During a recent interview, Logic explained how his upbringing has been misconceived by many audiences. 

“People look at me like, ‘He’s from the suburbs and he was raised rich, and mommy and daddy pay for everything,’” Logic says in an interview with Complex. “Man, get the fuck out of here. Growing up there were guns in the house, my brothers were out selling crack. I grew up on Section 8 housing, food stamps, welfare, and dealing with social services. I never had a Christmas, I never had a birthday.”

Logic’s struggles included several problems his mother faced throughout his life. 

“My mother was a good woman,” Logic says. “But she went through a hell of a lot of shit from drugs, prostitution—all types of shit, it fucked her mind up. My mother got stabbed, she was raped, she tried to choke me to death as a child. I can’t even begin to explain the tormenting feeling of living in my household; constant screaming, death-curdling screams, arguments between my mom and other men, her getting her fucking ass whooped. At times, there was blood all over the kitchen and fucking floor.

“My mother was racist,” Logic adds. “It’s so hard to wrap your head around that and the fact that my own mother would call me a nigger as a child. I’m not talking about ‘What’s up, my nigga,’ I’m talking in a fully prejudiced way. Here’s a woman who wants to sleep with a black man and makes babies and wants to be racist towards them. It’s extremely hard to grasp.”

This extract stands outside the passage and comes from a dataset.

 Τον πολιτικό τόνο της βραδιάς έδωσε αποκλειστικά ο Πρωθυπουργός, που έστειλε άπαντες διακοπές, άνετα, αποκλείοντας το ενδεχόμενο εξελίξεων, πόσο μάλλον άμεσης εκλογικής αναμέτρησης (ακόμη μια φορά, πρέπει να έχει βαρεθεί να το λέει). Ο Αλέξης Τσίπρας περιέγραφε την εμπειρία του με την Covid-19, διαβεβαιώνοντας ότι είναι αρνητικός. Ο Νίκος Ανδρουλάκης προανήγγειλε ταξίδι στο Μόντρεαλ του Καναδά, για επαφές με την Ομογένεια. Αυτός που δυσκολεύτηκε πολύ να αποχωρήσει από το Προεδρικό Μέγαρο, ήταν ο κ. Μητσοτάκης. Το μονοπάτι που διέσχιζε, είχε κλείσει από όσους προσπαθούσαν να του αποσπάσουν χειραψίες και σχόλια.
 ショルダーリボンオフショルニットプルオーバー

Logic’s father also faced many struggles, primarily dealing with drug addiction, a topic Logic has discussed several times. 

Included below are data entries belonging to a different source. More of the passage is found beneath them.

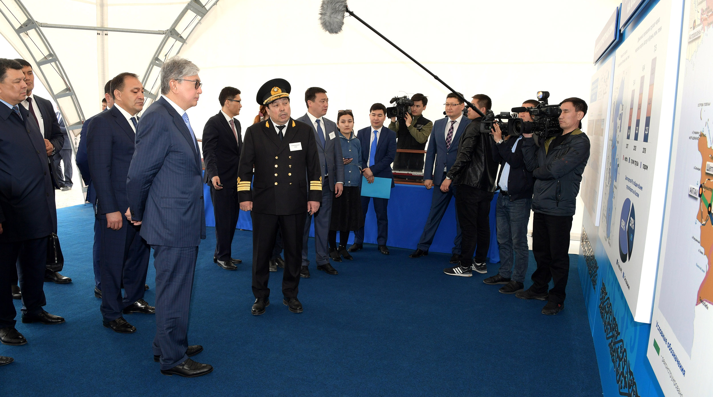 During the visit, the Head of State was briefed on the current activities of Aktau’s sea port, prospects for increasing the volume of cargo transportation in the Caspian Sea, as well as the development of Aktau’s resort area infrastructure.
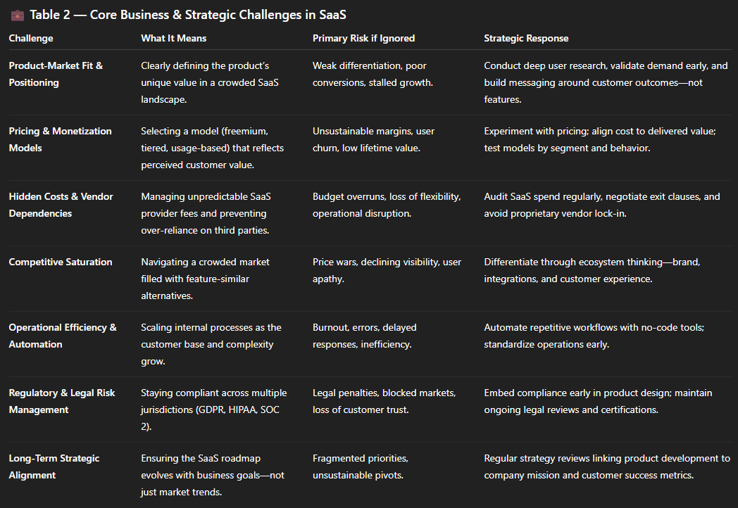 Beyond revenue design, SaaS businesses must navigate hidden costs. There are vendor dependencies, API fees, and compliance overheads and more. Meanwhile, the competitive landscape grows noisier every quarter. Winning today is less about adding features and more about building ecosystems that embed your product into customers’ workflows and identities.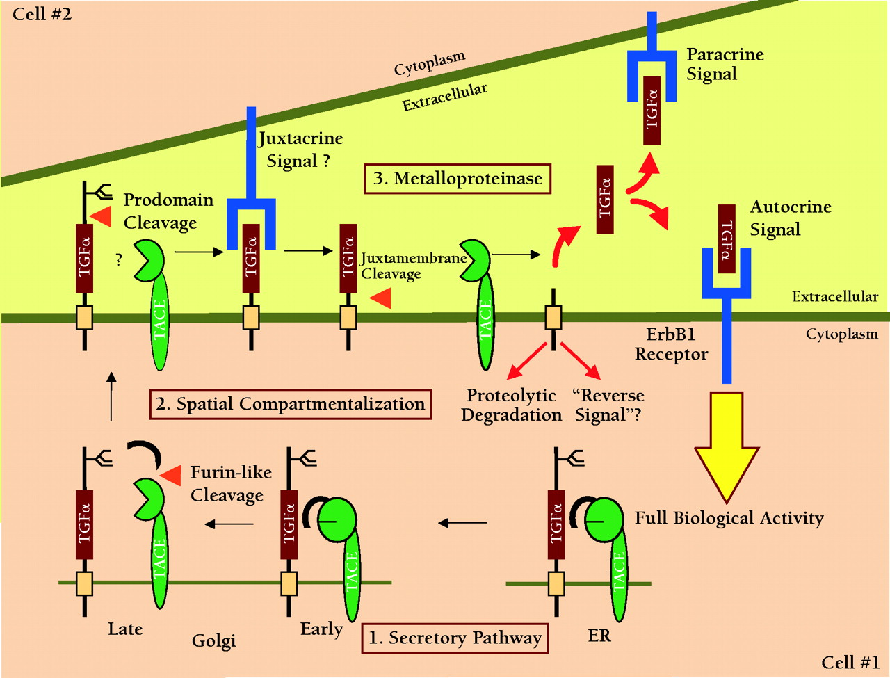 TACE-dependent proteolysis of the proTGFα extracellular domain as a regulatory event in ErbB1 receptor signaling. Genetic and biochemical data indicate that the release of soluble TGFα acting either as an autocrine or a paracrine signal is essential to achieve full biological activity in vivo. Data from Sunnarborg et al. suggest that TACE may also be involved in the N-terminal prodomain processing of proTGFα (16). Many questions still remain about the specificity and regulation of TACE as general ErbB ligand “sheddase.” Some of these questions can be divided into three general areas. 1. Secretory Pathway. How is the biosynthesis and activation of TACE regulated and can active TACE cleave substrate during transit through the secretory pathway? 2. Spatial Compartmentalization. What is the trafficking of TACE, what membrane compartments is it localized to and how is access of TACE to substrate regulated? 3. Metalloproteinases. What is the specificity of TACE for other ErbB ligands? Is the catalytic activity of TACE regulated? What is the role of other metalloproteinase(s) in ErbB ligand shedding?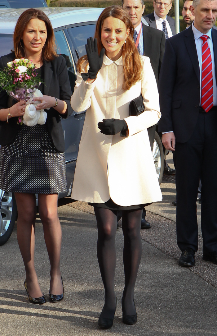 Great. Pregnant Kate is visiting a Child Bereavement Charity. I find that to be pretty insensitive. And I want to ask this question: why is it that the only thing that is ever discussed about this woman is what she wears? What’s up with that? Is her appearance the only thing that matters?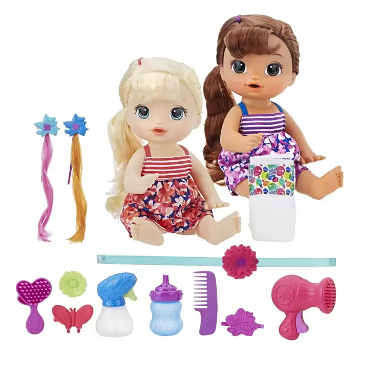 Includes doll, outfit, brush, comb, bottle, 2 diapers, 2 hair extensions, 3 hair clips, headband, spray bottle, and hair dryer accessory.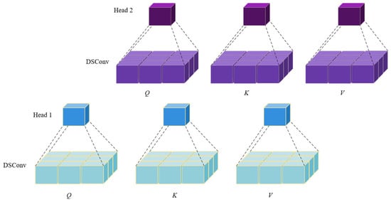 The multi-scale token aggregation process is shown in Figure 4 below. Each Q, K, and V in each head performs independent information aggregation and only uses small kernel convolution for this purpose, which reduces the time spent on model training. Among them, Q = xWQ, K = xWK, V= xWV, WQ, WK, and WV are all learnable linear projection matrices, and the self-attention mechanism formula is as follows: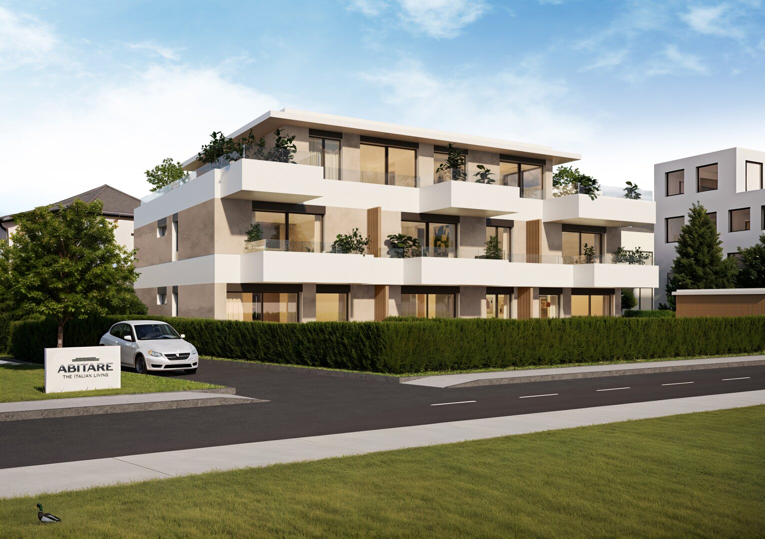 „Cityvibes & Dolce Vita“ – Willkommen in der neuen Wohnanlage ABITARE, wo sich modernes Stadtleben und mediterranes Lebensgefühl vereinen.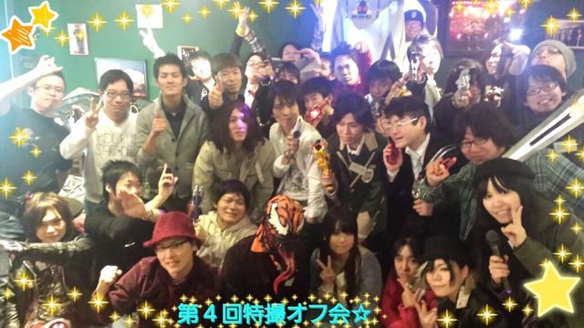 第5回特撮オフ会 ●挨拶● はじめまして、幹事のシュウと申しますm(_ _)m 特撮が好きだけど手頃なオフ会が見つからないだったら自分で開いて特撮仲間を作ろうという目的で実現した特撮オフ会。大好評頂き第5回目の開催になります∩( ・ω・)∩ばんじゃ〜い 仮面ライダー・ウルトラマン・戦隊ヒーローはもちろんのことゴジラやメタルヒーローなど特撮とわかるものでしたら何でもOKです♪ 特撮にそんなに詳しくない方でも興味があれば大歓迎ですので、是非お気軽にお越し下さい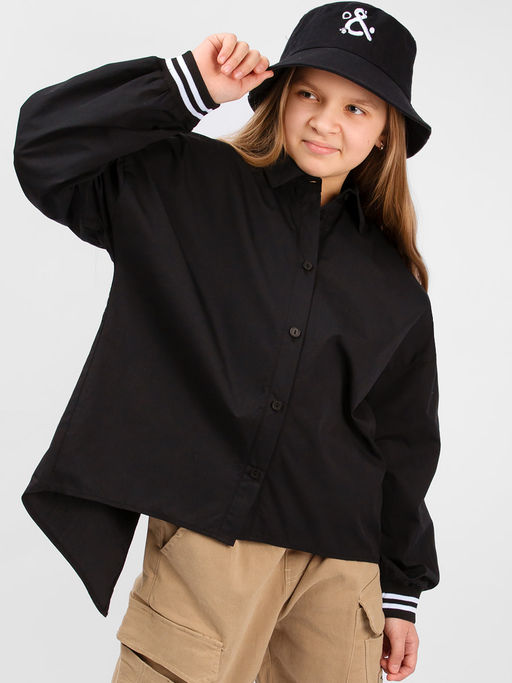 Блузка Соль&Перец модель оверсайз для девочек и подростков на пуговицах. Удлиненная спинка, плечо приспущено, рукава заканчиваются трикотажной манжетой. Блузка прекрасно сочетается как с брюками, так и с юбкой, подчеркнет индивидуальный стиль девочки, и разнообразит ее повседневный школьный образ.

“My father has called me and been like, ‘I don’t really appreciate you talking about me smoking crack all the time,’” Logic says. “I’m like, ‘Would you appreciate it if I didn’t say anything and induced those same drugs into my body to try to get over what you put me through? Or would you rather me do it in a positive way?’”

In December 2013, Logic spoke with HipHopDX about his 2014 direction

“This record actually has a lot of significance as far as lyrically,” Logic said at the time. “This is one of the first songs where I really…In my career, my fans know [me], definitely, without a doubt with records like, ‘Dear God’ or ‘Dead Presidents III,’ where I have delved into who I am as a person and the things that I’ve gone through. However, I have never truly brought you into the world of like Bobby, the person. Kind of been a lot about Logic.” 

“I feel like with rappers and mixtapes, its kind of like, we rap and we show our worth,” Logic continued. “So it’s like, ‘I’m this good because I can rap like this, check out this style, check out this, that.’ That’s kind of what we do [with] mixtapes, to be honest. But with the album, it is totally different. I want this to be why my fans are my fans. I want them to get to truly know me. You can hear it in Kendrick’s mixtapes, you know, kind of being the best and you can hear it in Cole, just them rapping, but there are some really incredible songs that they have of great meaning and who they are, but I feel like in their album, that’s where we really got to know who they were, not only as rappers, musicians and artists, but as people.”